BEGIN Data segment
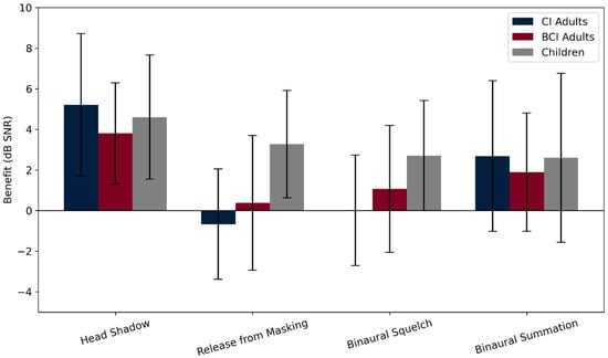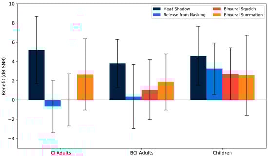 Binaural benefit patterns within groups. Bar plot showing the average improvement in speech reception threshold (SRT, in dB signal-to-noise ratio) for each of the four binaural effects—head shadow, release from masking, binaural squelch, and binaural summation—within each participant group: adults with CI, adults with BCI, and children. Each bar shows the mean benefit with standard deviation. The head shadow effect consistently appeared as the most prominent binaural advantage across all groups, as also confirmed statistically in the main cohort (p < 0.01).
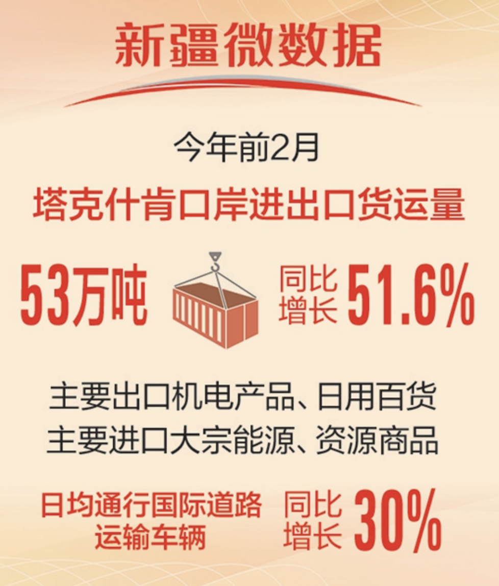 目前,塔克什肯口岸日均通行国际道路运输车辆251辆次,较去年同期增长30%。随着“智慧海关”建设的深入推进,口岸正不断提升贸易便利化水平,扩大进出口规模,为区域经济发展注入新的活力。
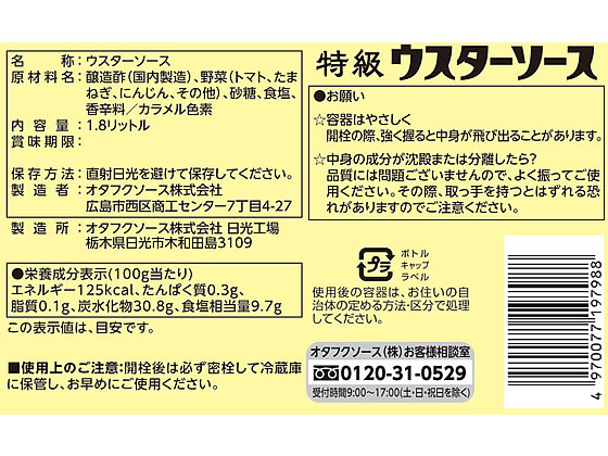 オタフク ユニオン 特級ウスターソース 1.8L 1本※軽(ご注文単位1本)【直送品】
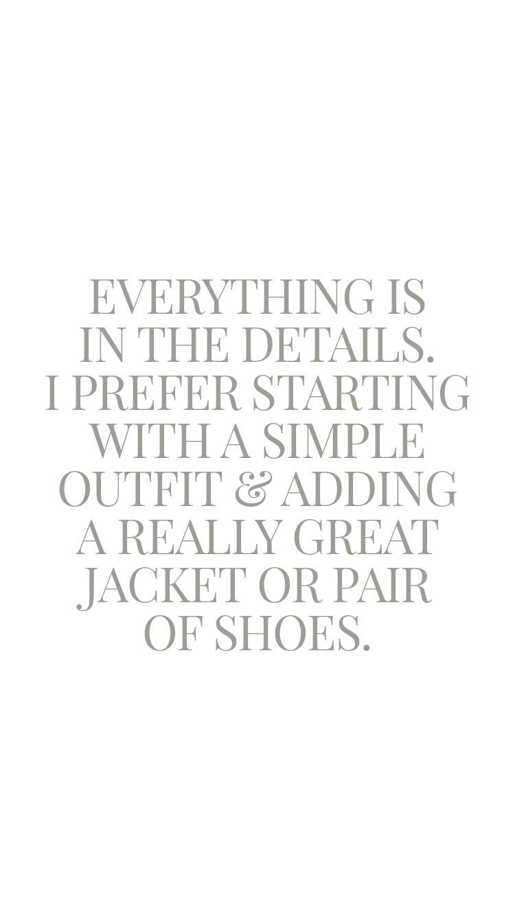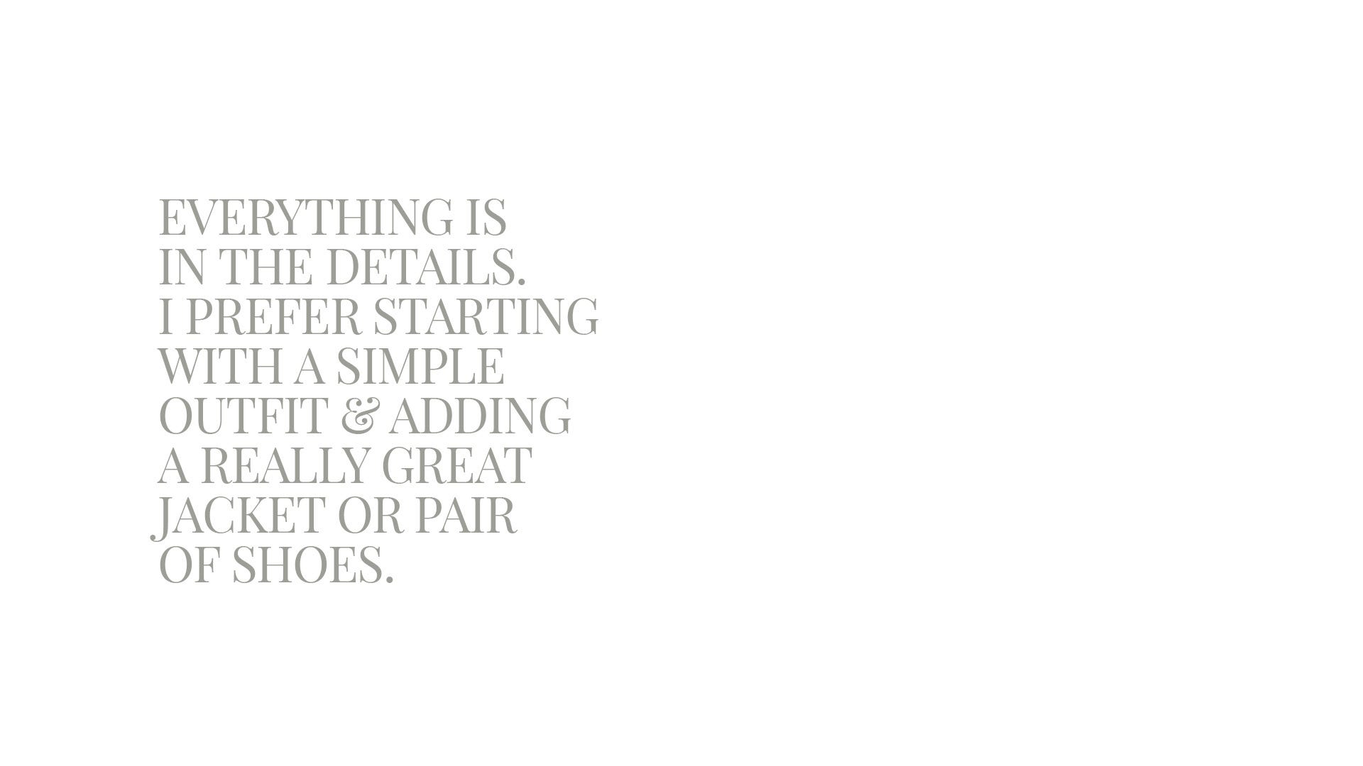 "I love classic pieces with a bit of an edge — more masculine in that sense. I don’t like anything overly girly, but I do like a nice silhouette and structure. When it comes to outfits, everything is in the details. I prefer starting with a simple outfit and adding a really great jacket or pair of shoes to take it to the next level."
END Data segment
Task item = Transcribe the material as is, with images omitted.

Solution for this exercise =
 Binaural benefit patterns within groups. Bar plot showing the average improvement in speech reception threshold (SRT, in dB signal-to-noise ratio) for each of the four binaural effects—head shadow, release from masking, binaural squelch, and binaural summation—within each participant group: adults with CI, adults with BCI, and children. Each bar shows the mean benefit with standard deviation. The head shadow effect consistently appeared as the most prominent binaural advantage across all groups, as also confirmed statistically in the main cohort (p < 0.01).
 目前,塔克什肯口岸日均通行国际道路运输车辆251辆次,较去年同期增长30%。随着“智慧海关”建设的深入推进,口岸正不断提升贸易便利化水平,扩大进出口规模,为区域经济发展注入新的活力。
 オタフク ユニオン 特級ウスターソース 1.8L 1本※軽(ご注文単位1本)【直送品】
 "I love classic pieces with a bit of an edge — more masculine in that sense. I don’t like anything overly girly, but I do like a nice silhouette and structure. When it comes to outfits, everything is in the details. I prefer starting with a simple outfit and adding a really great jacket or pair of shoes to take it to the next level."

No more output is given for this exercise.